ABOUT THIS TASK - Would you restate the entries below word for word, leaving out the images?

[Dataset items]

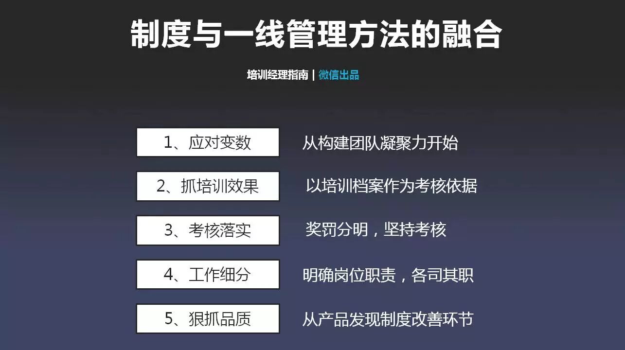 4、在车间我们经常听到最多的话就是:我们都是这样子做的,也没听人说什么啊。中国许多制造业管理者都利用经验式的管理方法去管理下属,怎么样做是对的,怎么样是错的。说教式的管理方法在90后员工身上吃不香,如果遇到问题,应该采取柔和的沟通方式,新员工是十分看重直接上司的第一印象。
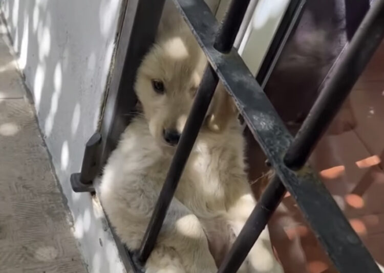 子犬「なんで僕だけ…?」 1匹だけペットドアを通れなくてジタバタ!
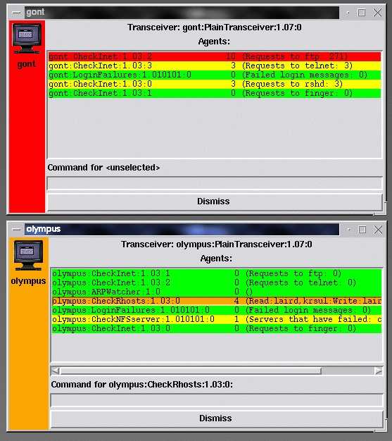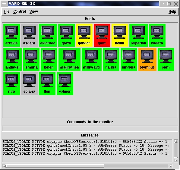 The AAFID group consists of ten graduate and undergraduate students within the COAST laboratory. A prototype implementation (see Figures 3 and 4) can be found on the AAFID project web page at http://www.cs.purdue.edu/coast/projects/autonomous-agents.html.
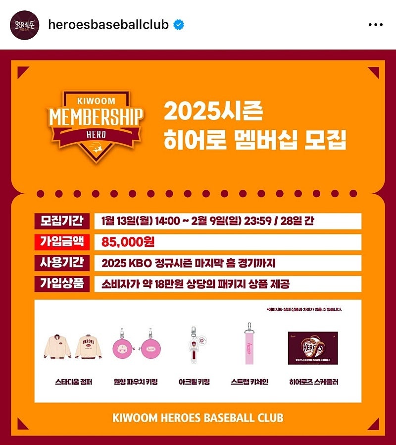 더불어, 히어로 멤버십 가입자에게는 스타디움 점퍼와 파우치 키링, 히어로즈 스케줄러 등 18만 원 상당의 패키지 상품을, 큠린이 멤버십 가입자에게는 유니폼 쇼퍼백, 파우치 키링, 스트랩 키체인 등 소비자가 180,000원 상당의 사은품을 제공합니다. 자세한 상품은 아래 사진을 참고해주세요.
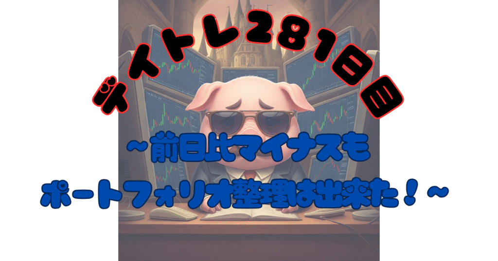 デイトレ281日目-前日比マイナスもポートフォリオ整理は出来た! みんな、こんばんは。 今日はさすがに日本株は昨日の上昇が大きかった分もあり、低く始まって始まり、昨日の終値を抜けることはありませんでした。 全体的に下がっている銘柄が多かったです... -
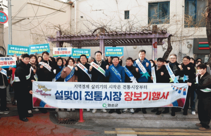 È­¼ø±ºÀº 13ÀÏ ¼³ ¸íÀýÀ» ¾ÕµÎ°í È­¼ø°íÀε¹ÀüÅë½ÃÀå¿¡¼­ ½ÃÀå Ȱ¼ºÈ­ ¹× ¹°°¡¾ÈÁ¤À» À§ÇÑ À庸±â Çà»ç¸¦ ÁøÇàÇß´Ù°í ¹àÇû´Ù. À̳¯ ±¸º¹±Ô È­¼ø±º¼ö¸¦ ºñ·ÔÇØ È­¼ø±ºÀÇȸ, È­¼ø°æÂû¼­, È­¼ø±³À°Áö¿øÃ», È­¼ø¼Ò¹æ¼­, ³óÇù È­¼ø±ºÁöºÎ µî °ü³» ±â°ü¡¤´ÜüÀå°ú °ü°èÀÚ 100¿© ¸íÀÌ Âü¼®Çß´Ù. Âü¼®ÀÚµéÀº ¹ÎÁ· °íÀ¯ ¸íÀýÀÎ ¼³À» ¸Â¾Æ ½ÃÀå »óÀεéÀÇ ¾î·Á¿òÀ» ÇÔ²² ³ª´©°í ¹Î»ý °æÁ¦ ȸº¹À» À§ÇØ ÀüÅë½ÃÀå À庸±â¿¡ ³ª¼¹´Ù. È­¼ø»ç¶û»óǰ±ÇÀ¸·Î Á¦¼ö¿ëǰ°ú ³ó»ê¹°À» ±¸¸ÅÇÏ°í »óÀεé°ú ´ö´ãÀ» ³ª´©¸ç ÇöÀå ¼ÒÅëÀÇ ½Ã°£À» °¡Á³´Ù. ¾Æ¿ï·¯ ÀüÅë½ÃÀå À庸±â Çà»ç¿Í ¹°°¡¾ÈÁ¤ Ä·ÆäÀεµ ÇÔ²² Àü°³ÇØ Àǹ̸¦ ´õÇß´Ù. ¶ÇÇÑ È­¼ø±ºÃ» °¢ ½Ç°ú¼Ò ¹× À¾¡¤¸é ÇàÁ¤º¹Áö¼¾ÅÍ ¼Ò¼Ó Á÷¿øµéÀº °ü³» ÀüÅë½ÃÀå 6°÷¿¡¼­ ºÎ¼­º° ¿©°Ç¿¡ ¸Â´Â À庸±â Çà»ç¸¦ ÃßÁøÇϸç Áö¿ª »ó±Ç Ȱ¼ºÈ­¿¡ µ¿ÂüÇß´Ù. ±¸º¹±Ô ±º¼ö´Â ¡°Àå±âÀûÀÎ °æ±â ħü¿Í ¹°°¡ »ó½ÂÀ¸·Î ¾î·Á¿òÀ» °Þ´Â »óÀε鿡°Ô Á¶±ÝÀ̳ª¸¶ µµ¿òÀÌ µÇ±æ ¹Ù¶ó´Â ¸¶À½À¸·Î À̹ø Çà»ç¸¦ ¸¶·ÃÇß´Ù¡±¶ó¸ç, ¡°¼³ ¸íÀýÀ» ¸Â¾Æ ±º¹Î ¿©·¯ºÐ²²¼­µµ ÀüÅë½ÃÀåÀ» ¸¹ÀÌ ÀÌ¿ëÇØ ÁÖ½Ã±æ ºÎŹµå¸°´Ù¡±¶ó°í ¸»Çß´Ù.
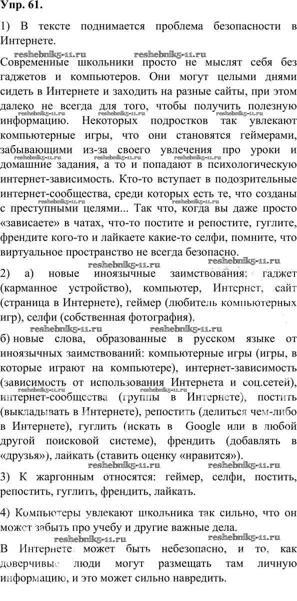 Готовая домашняя работа с ответами по Русскому языку за 7 класс Александрова, Загоровская, Богданов Учебник Просвещение 2020 ФГОС - Упражнения 61

EXERCISE ANSWER -
 4、在车间我们经常听到最多的话就是:我们都是这样子做的,也没听人说什么啊。中国许多制造业管理者都利用经验式的管理方法去管理下属,怎么样做是对的,怎么样是错的。说教式的管理方法在90后员工身上吃不香,如果遇到问题,应该采取柔和的沟通方式,新员工是十分看重直接上司的第一印象。
 子犬「なんで僕だけ…?」 1匹だけペットドアを通れなくてジタバタ!
 The AAFID group consists of ten graduate and undergraduate students within the COAST laboratory. A prototype implementation (see Figures 3 and 4) can be found on the AAFID project web page at http://www.cs.purdue.edu/coast/projects/autonomous-agents.html.
 더불어, 히어로 멤버십 가입자에게는 스타디움 점퍼와 파우치 키링, 히어로즈 스케줄러 등 18만 원 상당의 패키지 상품을, 큠린이 멤버십 가입자에게는 유니폼 쇼퍼백, 파우치 키링, 스트랩 키체인 등 소비자가 180,000원 상당의 사은품을 제공합니다. 자세한 상품은 아래 사진을 참고해주세요.
 デイトレ281日目-前日比マイナスもポートフォリオ整理は出来た! みんな、こんばんは。 今日はさすがに日本株は昨日の上昇が大きかった分もあり、低く始まって始まり、昨日の終値を抜けることはありませんでした。 全体的に下がっている銘柄が多かったです... -
 È­¼ø±ºÀº 13ÀÏ ¼³ ¸íÀýÀ» ¾ÕµÎ°í È­¼ø°íÀε¹ÀüÅë½ÃÀå¿¡¼­ ½ÃÀå Ȱ¼ºÈ­ ¹× ¹°°¡¾ÈÁ¤À» À§ÇÑ À庸±â Çà»ç¸¦ ÁøÇàÇß´Ù°í ¹àÇû´Ù. À̳¯ ±¸º¹±Ô È­¼ø±º¼ö¸¦ ºñ·ÔÇØ È­¼ø±ºÀÇȸ, È­¼ø°æÂû¼­, È­¼ø±³À°Áö¿øÃ», È­¼ø¼Ò¹æ¼­, ³óÇù È­¼ø±ºÁöºÎ µî °ü³» ±â°ü¡¤´ÜüÀå°ú °ü°èÀÚ 100¿© ¸íÀÌ Âü¼®Çß´Ù. Âü¼®ÀÚµéÀº ¹ÎÁ· °íÀ¯ ¸íÀýÀÎ ¼³À» ¸Â¾Æ ½ÃÀå »óÀεéÀÇ ¾î·Á¿òÀ» ÇÔ²² ³ª´©°í ¹Î»ý °æÁ¦ ȸº¹À» À§ÇØ ÀüÅë½ÃÀå À庸±â¿¡ ³ª¼¹´Ù. È­¼ø»ç¶û»óǰ±ÇÀ¸·Î Á¦¼ö¿ëǰ°ú ³ó»ê¹°À» ±¸¸ÅÇÏ°í »óÀεé°ú ´ö´ãÀ» ³ª´©¸ç ÇöÀå ¼ÒÅëÀÇ ½Ã°£À» °¡Á³´Ù. ¾Æ¿ï·¯ ÀüÅë½ÃÀå À庸±â Çà»ç¿Í ¹°°¡¾ÈÁ¤ Ä·ÆäÀεµ ÇÔ²² Àü°³ÇØ Àǹ̸¦ ´õÇß´Ù. ¶ÇÇÑ È­¼ø±ºÃ» °¢ ½Ç°ú¼Ò ¹× À¾¡¤¸é ÇàÁ¤º¹Áö¼¾ÅÍ ¼Ò¼Ó Á÷¿øµéÀº °ü³» ÀüÅë½ÃÀå 6°÷¿¡¼­ ºÎ¼­º° ¿©°Ç¿¡ ¸Â´Â À庸±â Çà»ç¸¦ ÃßÁøÇϸç Áö¿ª »ó±Ç Ȱ¼ºÈ­¿¡ µ¿ÂüÇß´Ù. ±¸º¹±Ô ±º¼ö´Â ¡°Àå±âÀûÀÎ °æ±â ħü¿Í ¹°°¡ »ó½ÂÀ¸·Î ¾î·Á¿òÀ» °Þ´Â »óÀε鿡°Ô Á¶±ÝÀ̳ª¸¶ µµ¿òÀÌ µÇ±æ ¹Ù¶ó´Â ¸¶À½À¸·Î À̹ø Çà»ç¸¦ ¸¶·ÃÇß´Ù¡±¶ó¸ç, ¡°¼³ ¸íÀýÀ» ¸Â¾Æ ±º¹Î ¿©·¯ºÐ²²¼­µµ ÀüÅë½ÃÀåÀ» ¸¹ÀÌ ÀÌ¿ëÇØ ÁÖ½Ã±æ ºÎŹµå¸°´Ù¡±¶ó°í ¸»Çß´Ù.
 Готовая домашняя работа с ответами по Русскому языку за 7 класс Александрова, Загоровская, Богданов Учебник Просвещение 2020 ФГОС - Упражнения 61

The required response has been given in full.